◆ **ABOUT THIS TASK**:
Where does "Pferdemarkt" appear in the data? Return each line that holds it.
START EXTRACTED INFORMATION
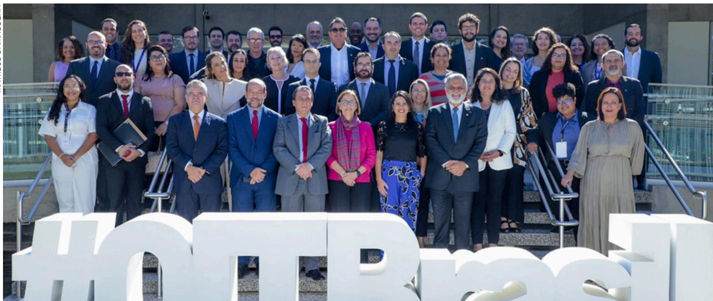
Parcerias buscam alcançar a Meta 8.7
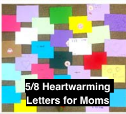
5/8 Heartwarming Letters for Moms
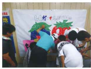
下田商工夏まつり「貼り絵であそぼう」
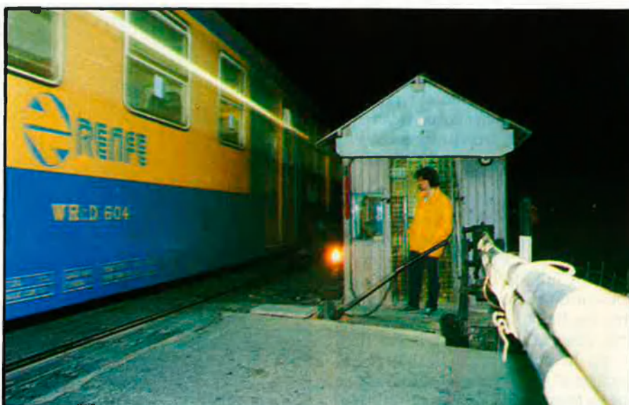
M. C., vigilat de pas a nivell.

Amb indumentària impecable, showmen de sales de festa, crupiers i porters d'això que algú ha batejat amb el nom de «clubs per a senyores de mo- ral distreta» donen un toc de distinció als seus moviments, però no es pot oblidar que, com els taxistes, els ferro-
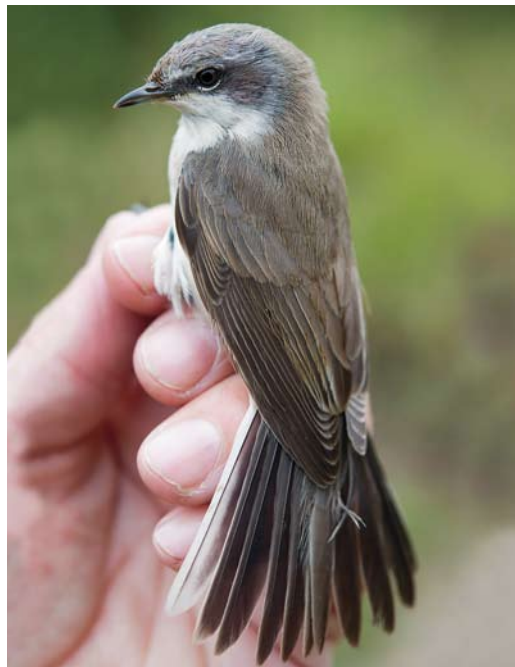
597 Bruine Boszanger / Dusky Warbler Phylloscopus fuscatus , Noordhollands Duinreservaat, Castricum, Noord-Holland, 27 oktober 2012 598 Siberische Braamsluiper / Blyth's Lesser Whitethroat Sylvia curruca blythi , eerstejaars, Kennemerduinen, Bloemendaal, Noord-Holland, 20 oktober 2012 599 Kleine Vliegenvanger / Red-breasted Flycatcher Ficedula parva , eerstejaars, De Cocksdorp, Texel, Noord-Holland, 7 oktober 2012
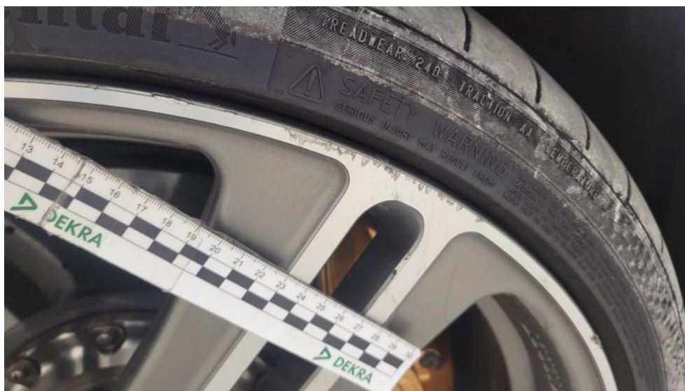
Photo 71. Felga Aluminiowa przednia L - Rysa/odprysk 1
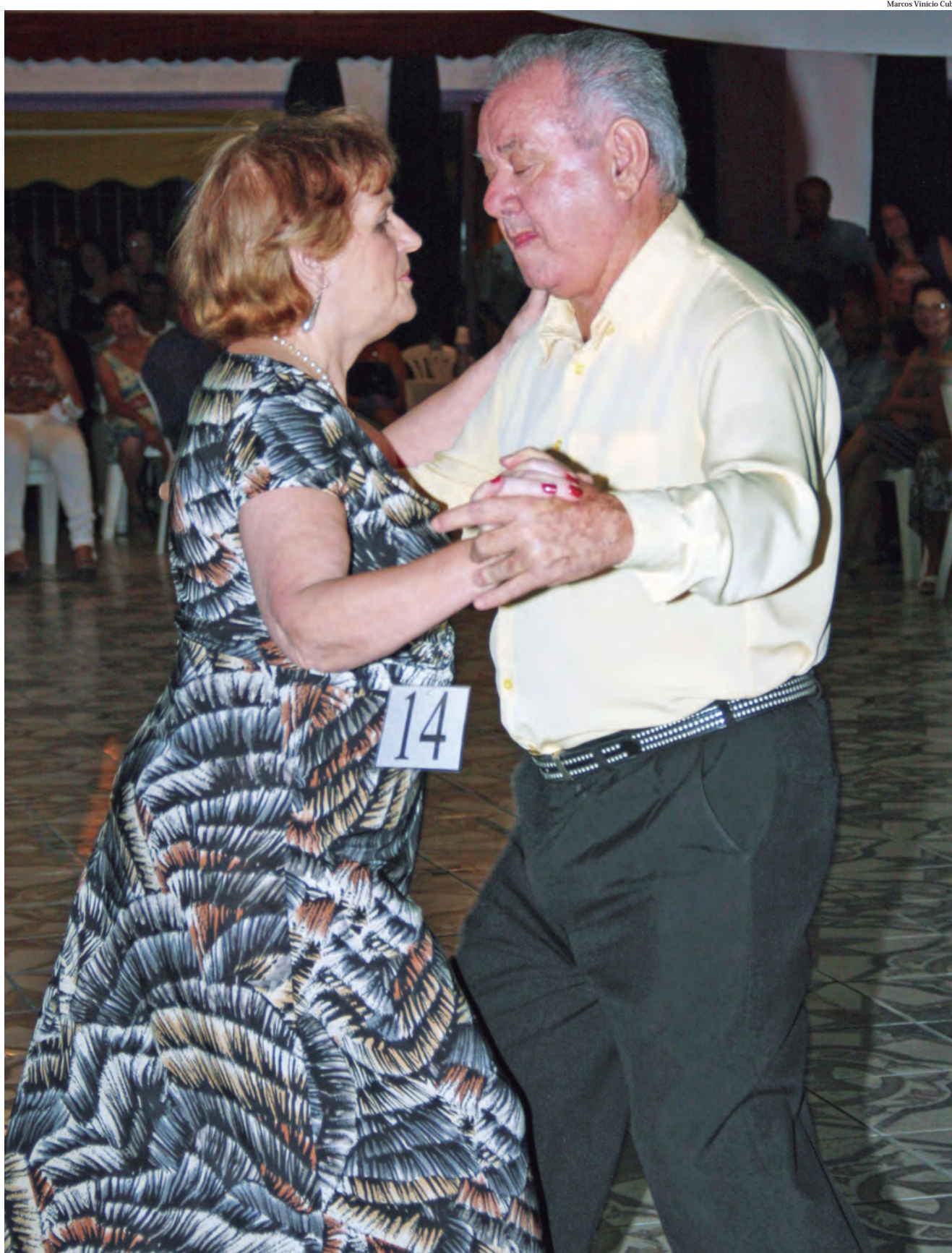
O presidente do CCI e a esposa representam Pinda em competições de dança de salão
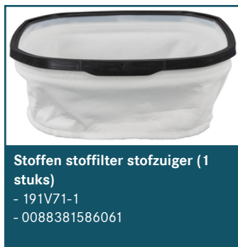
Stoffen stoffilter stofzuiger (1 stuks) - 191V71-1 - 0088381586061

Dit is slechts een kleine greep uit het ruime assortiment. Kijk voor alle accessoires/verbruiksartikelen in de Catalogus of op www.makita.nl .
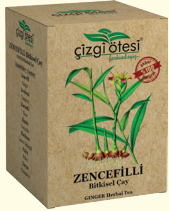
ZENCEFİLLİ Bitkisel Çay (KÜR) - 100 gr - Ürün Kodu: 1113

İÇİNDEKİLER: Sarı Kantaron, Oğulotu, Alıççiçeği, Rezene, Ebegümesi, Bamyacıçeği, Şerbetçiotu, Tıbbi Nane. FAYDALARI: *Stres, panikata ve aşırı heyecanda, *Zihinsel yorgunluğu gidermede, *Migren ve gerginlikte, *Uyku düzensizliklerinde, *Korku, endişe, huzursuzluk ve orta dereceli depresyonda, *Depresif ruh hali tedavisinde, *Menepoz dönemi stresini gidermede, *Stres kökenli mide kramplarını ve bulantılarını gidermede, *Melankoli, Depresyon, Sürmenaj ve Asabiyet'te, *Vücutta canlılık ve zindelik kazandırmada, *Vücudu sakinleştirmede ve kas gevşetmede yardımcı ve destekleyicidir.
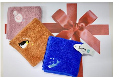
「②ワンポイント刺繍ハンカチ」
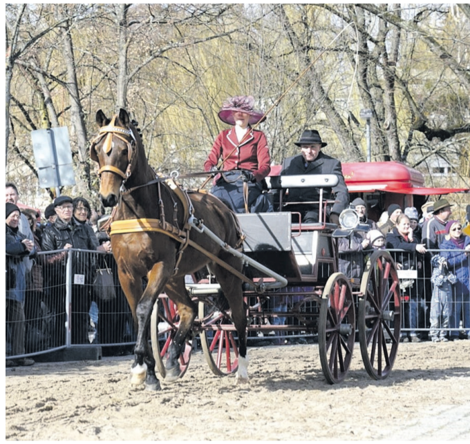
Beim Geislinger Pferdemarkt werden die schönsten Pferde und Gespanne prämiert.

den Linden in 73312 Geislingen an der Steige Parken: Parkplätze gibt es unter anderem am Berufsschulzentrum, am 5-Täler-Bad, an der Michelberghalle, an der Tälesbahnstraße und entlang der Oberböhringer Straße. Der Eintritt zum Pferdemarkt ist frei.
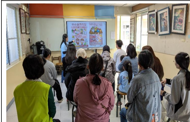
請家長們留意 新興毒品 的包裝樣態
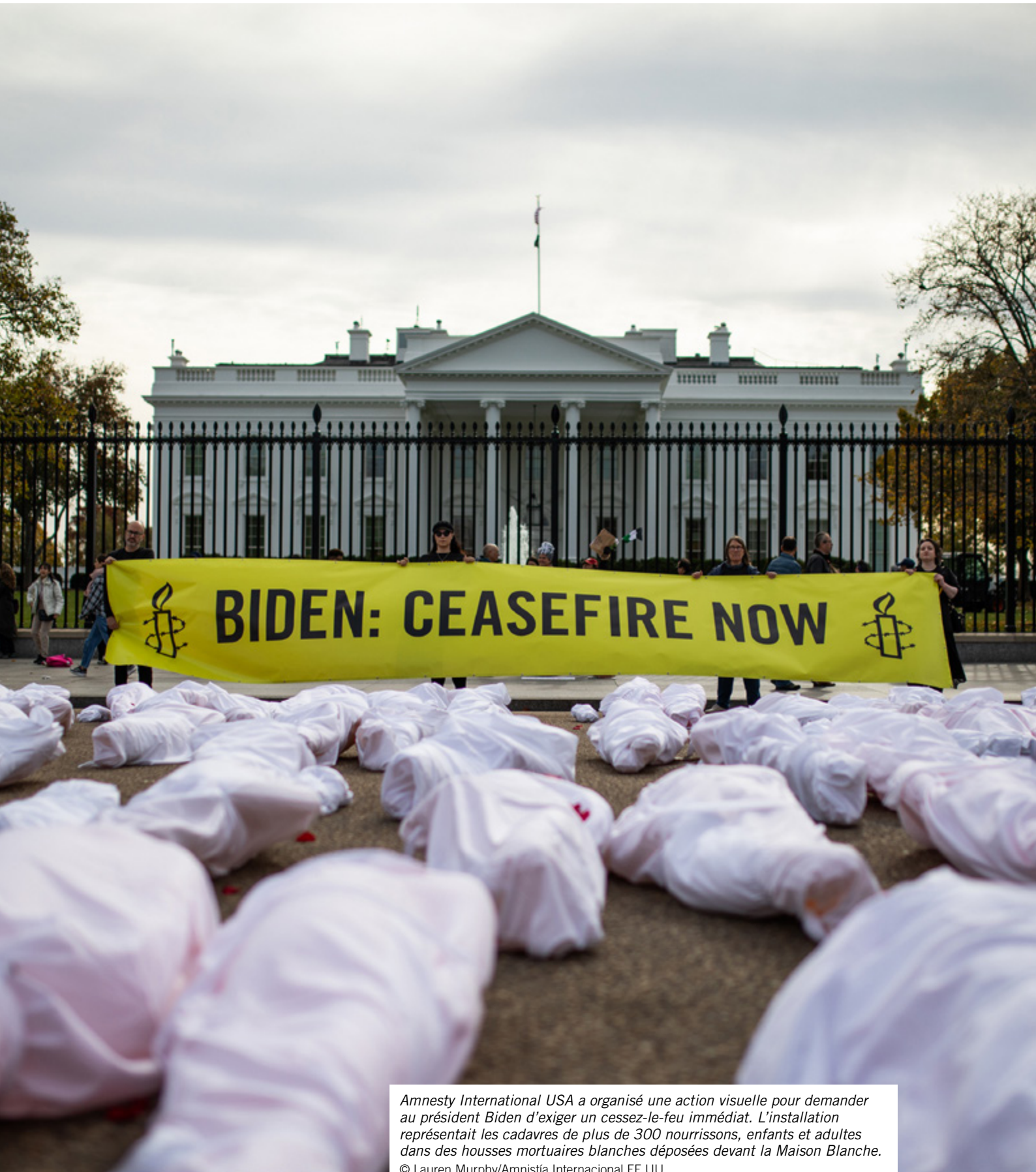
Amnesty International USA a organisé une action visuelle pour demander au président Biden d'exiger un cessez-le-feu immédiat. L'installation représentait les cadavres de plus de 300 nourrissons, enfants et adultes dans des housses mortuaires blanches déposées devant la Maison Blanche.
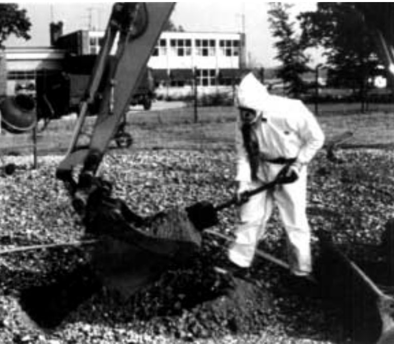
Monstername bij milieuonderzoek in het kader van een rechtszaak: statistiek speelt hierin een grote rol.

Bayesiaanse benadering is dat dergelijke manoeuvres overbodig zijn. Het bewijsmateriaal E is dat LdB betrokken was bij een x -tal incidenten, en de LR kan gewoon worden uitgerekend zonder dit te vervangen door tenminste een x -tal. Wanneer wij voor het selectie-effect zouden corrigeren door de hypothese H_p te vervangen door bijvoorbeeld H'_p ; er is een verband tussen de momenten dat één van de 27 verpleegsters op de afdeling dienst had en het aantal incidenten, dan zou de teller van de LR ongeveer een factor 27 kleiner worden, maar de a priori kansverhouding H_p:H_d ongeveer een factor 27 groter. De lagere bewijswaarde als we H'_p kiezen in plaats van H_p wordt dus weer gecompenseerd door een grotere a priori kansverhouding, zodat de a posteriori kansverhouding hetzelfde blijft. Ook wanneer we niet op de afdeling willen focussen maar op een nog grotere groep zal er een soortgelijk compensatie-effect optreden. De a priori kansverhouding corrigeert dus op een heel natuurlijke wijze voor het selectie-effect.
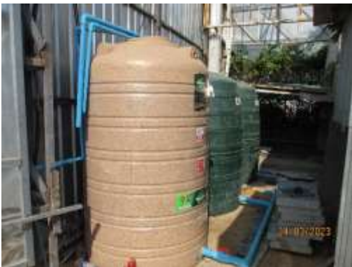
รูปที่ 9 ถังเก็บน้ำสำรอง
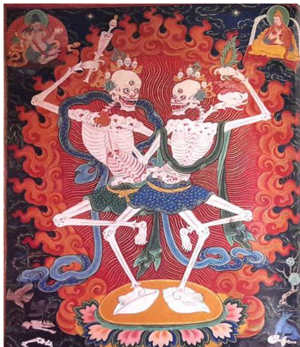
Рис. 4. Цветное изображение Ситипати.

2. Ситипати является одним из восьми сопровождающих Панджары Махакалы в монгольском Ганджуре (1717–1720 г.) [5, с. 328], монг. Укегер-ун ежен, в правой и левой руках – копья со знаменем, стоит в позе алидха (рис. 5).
END EXTRACTED INFORMATION
◆ **RESULT OF THIS TASK**:
Beim Geislinger Pferdemarkt werden die schönsten Pferde und Gespanne prämiert.
den Linden in 73312 Geislingen an der Steige Parken: Parkplätze gibt es unter anderem am Berufsschulzentrum, am 5-Täler-Bad, an der Michelberghalle, an der Tälesbahnstraße und entlang der Oberböhringer Straße. Der Eintritt zum Pferdemarkt ist frei.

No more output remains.